Multidimensional scaling (MDS) (Kruskal, 1964; Shepard, 1962; Torgerson, 1952) is a method used in data sciences to visualize and compare similarities & dissimilarities of high dimensional data. Its use in geostatistics helps visually assess and understand multivariate data in a lower dimension. By reducing the dimensionality of the data one can observe patterns, gradients, and clusters that may be helpful in exploratory data analysis. MDS does this by projecting the multivariate distances between entities to a best-fit configuration in lower dimensions that we can see.

This lesson will summarize the basic theory behind the technique including data preparation. Interpretation of the results for multiple examples will hint at various applications.

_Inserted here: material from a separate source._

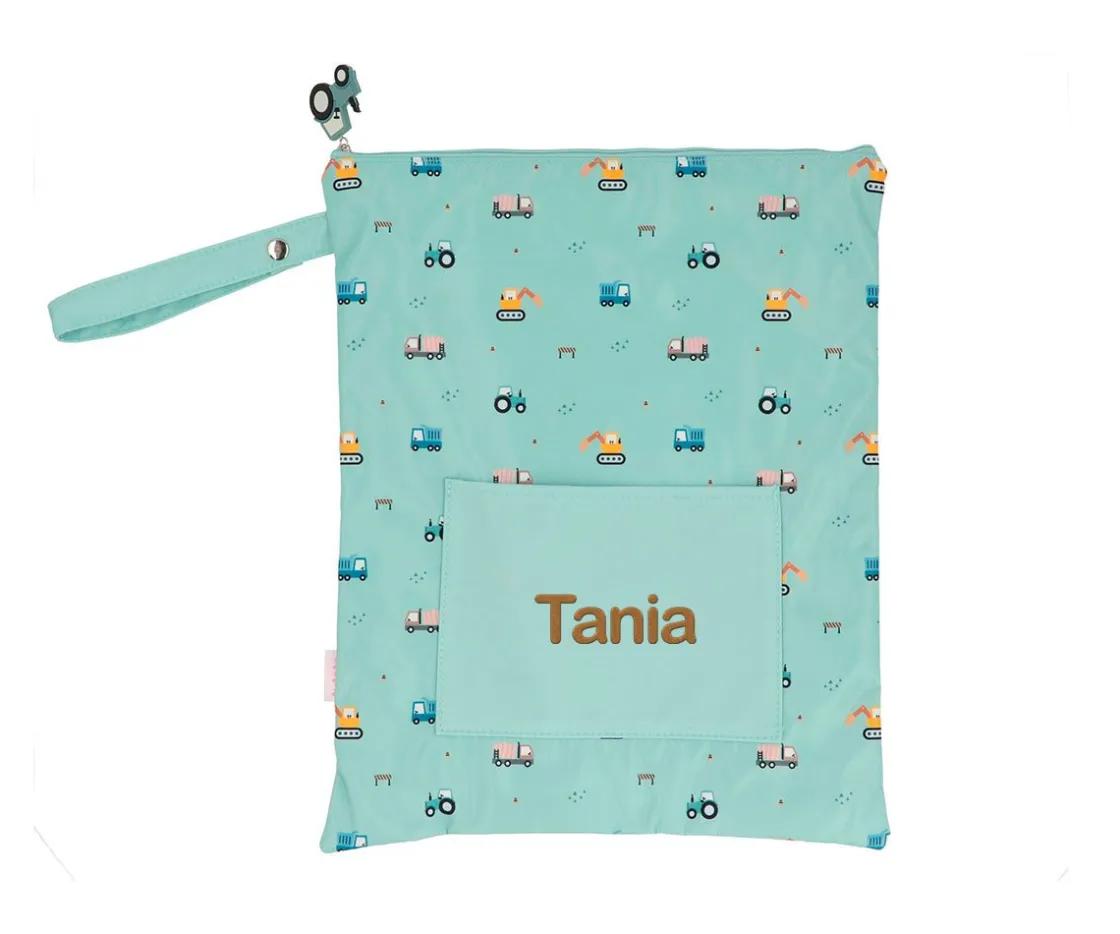 Tienen un bolsillo exterior delantero abierto para los artículos que quieras tener más a mano y que puedes personalizar con el nombre de tu peque sin que la bolsa pierda la permeabilidad.
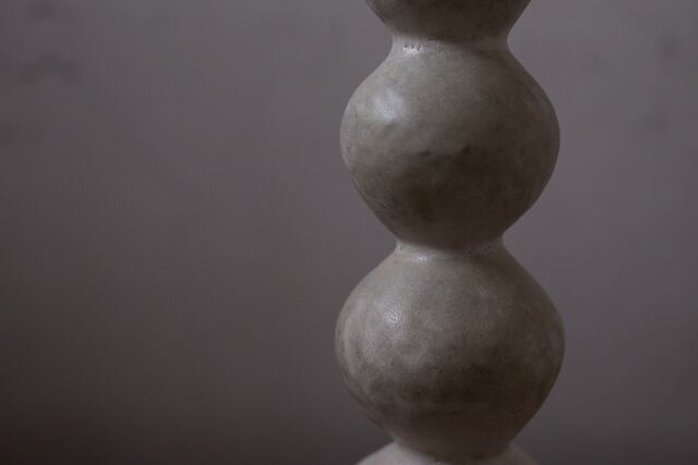 彫刻家・坂本紬野子さんの作品です。光のあたり方により雰囲気がかわります。同じような形であってもその時々で土の色、釉薬のかかり方、大きさなど様々な要因で1点ずつ雰囲気が異なります。

A Jupyter Python notebook example is provided.

Theory

Multidimensional scaling is a family of algorithms aimed at best fitting a configuration of multivariate data in a lower dimensional space (Izenman, 2008). If the magnitude of the pairwise distances in original units are used, the algorithm is metric-MDS (mMDS), also known as Principal Coordinate Analysis. However, if magnitudes are unknown, it is possible for similarities from a higher dimension to be rank ordered and projected to a lower dimension which is known as non-metric MDS (nMDS). Dissimilarity and distance are interchangeably used to describe the difference between entities, whether a physical distance or some quantification of relatedness.

Suppose there are \(n\)-entities (eg. drillholes) and \(n(n-1)/2\) pairs with each pair having a measure of distance. The distance is a function of many variables for each entity (eg. mineralization, alteration, lithology, location, grade, length, year drilled). MDS takes the pairwise distances between the entities and finds best-fit representations of the points in all lower dimensional spaces. We commonly visualize the 2 or 3-D representation.

Data Preparation

The entities and variables are selected first. The variables are chosen to reflect the goals of the study. The data must have no missing values.

Variables are often standardized for consistent distance calculation. Consider \(n\)-entities, \(i=1,...,n\) and \(K\)-variables, \(k=1,..., K\). A simple standardization is achieved by: \[x_{k,i}=\frac{z_{k,i}-\mu_{k} }{\sigma_{k}}\] where \(z_{k,i}\) denotes the \(k\)-th variable of the \(i\)-th data in original units, \(x_{k,i}\) is the standardized data, \(\mu_{k}\) and \(\sigma_{k}^2\) are the mean and variance of the \(k= 1,...,K\) variables. Once standardized, each variable has a mean of zero and a standard deviation of one.

Distance matrix calculation

The distance between the different entities can be calculated by the Euclidean distance, correlation coefficients, or another method. The Euclidean distance is common:

\[d_{ij}=\sqrt{\sum_{k=1}^K(x_{k,i}-x_{k,j})^2} \:\: \text{for} \:\: i,j=\:1,...,n\]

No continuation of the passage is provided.